Rajeev: I couldn’t agree more – pipeline, pipeline, pipeline. The new logo point is critical. Too many startups start harvesting their existing companies too early in the name of customer success and don’t focus on planting new seeds.

Rajeev: Can you share 3 key takeaways on the topic you spoke about at our 2019 Leadership & Life Summit: “The Role of Brand in a Sales Process”?

Chris:

  1. Brand matters. Over time, first mover advantage, or tech differentiators slip away – you need a brand with a deep moat around it, where customers buy because they trust your brand, they have an emotional connection to your brand.
  2. Everything you do is a reflection of your brand.  Brand isn’t just your logo or your packaging, it’s the sum of every interaction anyone has with your company. Your people are ultimately the purest representation of your brand. Your teams need to think about that in every single interaction they have with a client, prospect, vendor – anyone they interact with.
  3. Avoid death by a thousand papercuts. A brand can be diminished quickly – with one big mistake. At the same time, a brand can get tarnished over time if you continue to let seemingly small things go.

Rajeev: These insights are gold. I’m glad you’re getting to share this broadly with the community. I’m going to share these shamelessly with others and will attribute them back to you.

Go-to-market leader series Chris Morgan quote

Rajeev: What is your advice for someone going from 0-1 (still figuring things out – zero to a couple million ARR), 1-10 (figured it out, beginning to scale and achieving finished product market fit), and 10-100 (full on scaling mode)?

Chris:

  • From 0-1 : Meet/demo 500 prospects as quickly as possible, they’ll tell you what they need.
  • From 1-10: Make it repeatable, develop a process for everything.

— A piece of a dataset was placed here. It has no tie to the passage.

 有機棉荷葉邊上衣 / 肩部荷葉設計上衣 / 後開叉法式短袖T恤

Focus on the absolute core essentials – hire people that can “build stuff” – engineers and “sell stuff” quota carrying sales reps.  Everything else can wait.
  • From 10-100: Develop your next group of leaders, you’re going to need them!

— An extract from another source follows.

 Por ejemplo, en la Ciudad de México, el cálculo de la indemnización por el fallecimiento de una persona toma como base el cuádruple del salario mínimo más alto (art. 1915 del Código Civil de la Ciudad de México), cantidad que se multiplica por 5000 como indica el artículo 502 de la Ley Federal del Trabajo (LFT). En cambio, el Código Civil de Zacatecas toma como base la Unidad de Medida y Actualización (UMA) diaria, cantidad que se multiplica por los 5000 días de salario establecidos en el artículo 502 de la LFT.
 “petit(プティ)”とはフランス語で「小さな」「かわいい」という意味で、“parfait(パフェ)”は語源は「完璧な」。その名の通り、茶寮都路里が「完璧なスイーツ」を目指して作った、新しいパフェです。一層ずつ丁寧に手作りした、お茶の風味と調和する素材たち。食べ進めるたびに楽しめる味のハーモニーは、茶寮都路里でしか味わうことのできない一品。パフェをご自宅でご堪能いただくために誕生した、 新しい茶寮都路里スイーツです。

Rajeev: You have to get product market fit, make things repeatable, and build bench strength. Thanks for saying this – in a startup either you’re building or you’re selling/making customers happy.

Rajeev: Are you willing to make a go-to-market prediction we can hold you to for 2020? I must admit, I’m not a big fan of predictions, but I thought it’d be fun to ask anyhow.

Chris: My prediction is – what’s worked will continue to work: Have a great product that provides real utility, and keep innovating.  Deliver that product through a narrative and story that captures your audience’s attention – and build a great team to execute.

Rajeev: Okay Chris, I’ve come to realize that the more I ask people who have done anything real to make a prediction, they tend to make safer ones like yours. If it isn’t broken don’t fix it; we’ll go with that.